- [WORK TASK]: Reproduce the data below in full and to the letter, images excepted.

(MATERIAL PROVIDED)

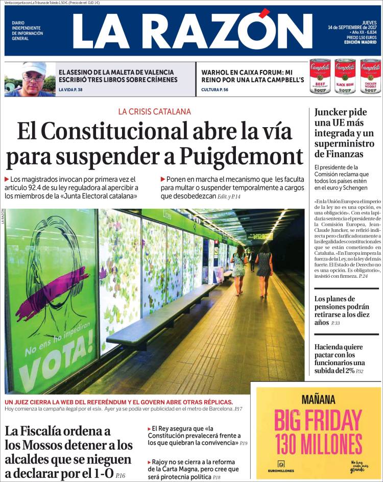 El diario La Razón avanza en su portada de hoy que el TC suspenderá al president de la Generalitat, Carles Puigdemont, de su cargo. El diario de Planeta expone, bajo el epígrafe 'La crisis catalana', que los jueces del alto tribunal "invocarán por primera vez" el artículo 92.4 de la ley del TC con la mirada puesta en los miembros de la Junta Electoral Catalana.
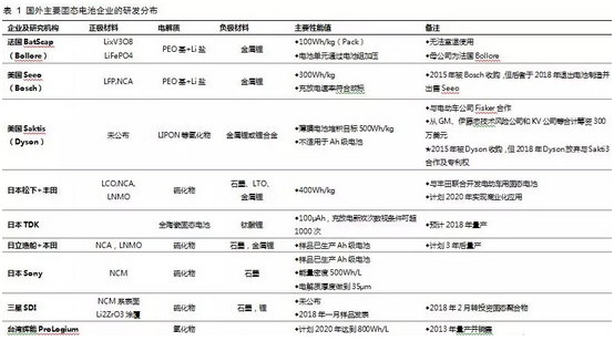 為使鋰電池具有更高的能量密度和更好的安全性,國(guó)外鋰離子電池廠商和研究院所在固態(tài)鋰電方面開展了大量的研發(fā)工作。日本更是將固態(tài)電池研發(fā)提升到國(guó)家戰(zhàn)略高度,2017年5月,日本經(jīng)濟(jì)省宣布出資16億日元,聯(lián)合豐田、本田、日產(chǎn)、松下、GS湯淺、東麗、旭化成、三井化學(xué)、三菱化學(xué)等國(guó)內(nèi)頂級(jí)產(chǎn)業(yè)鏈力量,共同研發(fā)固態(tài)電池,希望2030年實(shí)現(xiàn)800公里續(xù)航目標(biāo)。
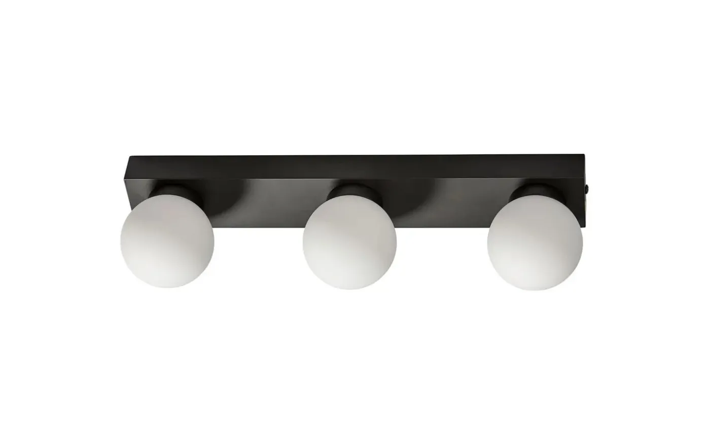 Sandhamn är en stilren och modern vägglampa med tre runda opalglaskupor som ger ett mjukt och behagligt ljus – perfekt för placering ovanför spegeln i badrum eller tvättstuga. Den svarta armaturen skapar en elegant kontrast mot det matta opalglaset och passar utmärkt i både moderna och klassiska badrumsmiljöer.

(End MATERIAL PROVIDED)

- [RESULT BELOW]:
 El diario La Razón avanza en su portada de hoy que el TC suspenderá al president de la Generalitat, Carles Puigdemont, de su cargo. El diario de Planeta expone, bajo el epígrafe 'La crisis catalana', que los jueces del alto tribunal "invocarán por primera vez" el artículo 92.4 de la ley del TC con la mirada puesta en los miembros de la Junta Electoral Catalana.
 為使鋰電池具有更高的能量密度和更好的安全性,國(guó)外鋰離子電池廠商和研究院所在固態(tài)鋰電方面開展了大量的研發(fā)工作。日本更是將固態(tài)電池研發(fā)提升到國(guó)家戰(zhàn)略高度,2017年5月,日本經(jīng)濟(jì)省宣布出資16億日元,聯(lián)合豐田、本田、日產(chǎn)、松下、GS湯淺、東麗、旭化成、三井化學(xué)、三菱化學(xué)等國(guó)內(nèi)頂級(jí)產(chǎn)業(yè)鏈力量,共同研發(fā)固態(tài)電池,希望2030年實(shí)現(xiàn)800公里續(xù)航目標(biāo)。
 Sandhamn är en stilren och modern vägglampa med tre runda opalglaskupor som ger ett mjukt och behagligt ljus – perfekt för placering ovanför spegeln i badrum eller tvättstuga. Den svarta armaturen skapar en elegant kontrast mot det matta opalglaset och passar utmärkt i både moderna och klassiska badrumsmiljöer.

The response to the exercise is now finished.